GIVEN DATA:
* * *

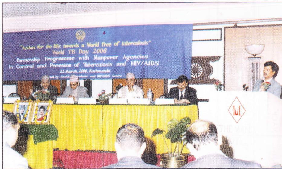
Director STC is addressing the participants at the function
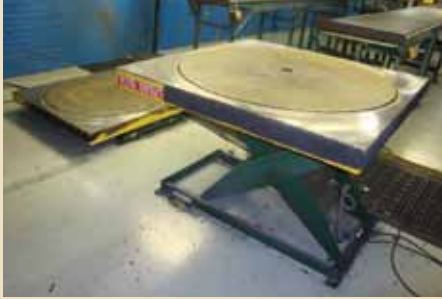
(2) ROTARY SCISSOR LIFT TABLES

PREVIEW: TUESDAY, JAN. 19 TH - 9:00 AM - 5:00 PM
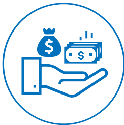
LOAN AGAINST ASSET

www.prismerp.net/solutions/loan-and-investment/
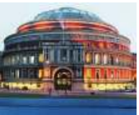
The Royal Albert Hall has installed Armorcoat, an innovative product by Bekaert

The Royal Albert Hall is an instantly recognisable world famous venue. Unfortunately, in the current climate, that also means it has to be protected from any potential terrorist attacks. Key to this is making the venue's 188 windows blast proof, which is why the Hall has installed Armorcoat, an innovative product by Bekaert (manufacturer of Solar Gard ) that affords protection to all of the venue's internal and external glass.
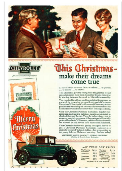
1927 Chevrolet Sport Cabriolet Ad

For example, Ford introduced its 1941 Lincoln models with a magazine ad saying "Give them a magic carpet for Christmas," featuring an image of Santa Claus with a 1941 Zephyr.

* * *

YOUR TASK:
Excluding the pictures, retype the line containing "www.prismerp.net/solutions/loan-and-investment/" and all lines after it down to the end of the data above.

SOLUTION TO THIS EXERCISE:
www.prismerp.net/solutions/loan-and-investment/
The Royal Albert Hall has installed Armorcoat, an innovative product by Bekaert

The Royal Albert Hall is an instantly recognisable world famous venue. Unfortunately, in the current climate, that also means it has to be protected from any potential terrorist attacks. Key to this is making the venue's 188 windows blast proof, which is why the Hall has installed Armorcoat, an innovative product by Bekaert (manufacturer of Solar Gard ) that affords protection to all of the venue's internal and external glass.
1927 Chevrolet Sport Cabriolet Ad

For example, Ford introduced its 1941 Lincoln models with a magazine ad saying "Give them a magic carpet for Christmas," featuring an image of Santa Claus with a 1941 Zephyr.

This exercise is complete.